• REQUIREMENT: Find "In the 70s, the" in the material, then return exactly the line containing it and all lines after it to the end, leaving out pictures.

-- STORED DATA follows --

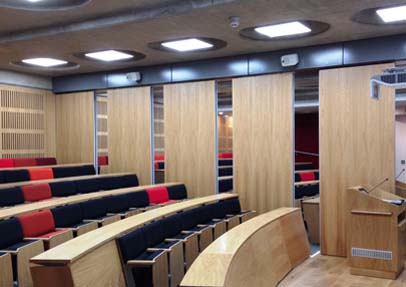 Accordial Wall Systems provided two EasiWall semi-automatic movable walls and two WallSlide straight sliding doors for the new lecture theatre at China Centre Building at Dickson Poon University Oxford.
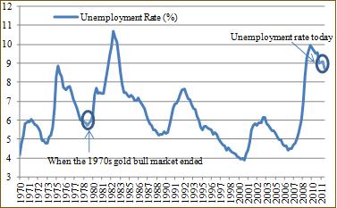 In the 70s, the U.S. economy was in a better shape than today. At the end of the 70s (nearing the end of the bull market in gold), the employment picture was quite healthy.
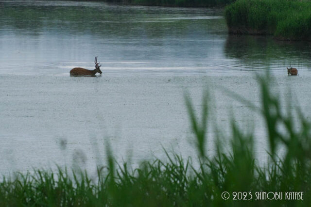 【日記】7月11日:オスジカが水浴びしながら水草を食んでいました

-- STORED DATA concluded --

• ANSWER TO THIS TASK:
 In the 70s, the U.S. economy was in a better shape than today. At the end of the 70s (nearing the end of the bull market in gold), the employment picture was quite healthy.
 【日記】7月11日:オスジカが水浴びしながら水草を食んでいました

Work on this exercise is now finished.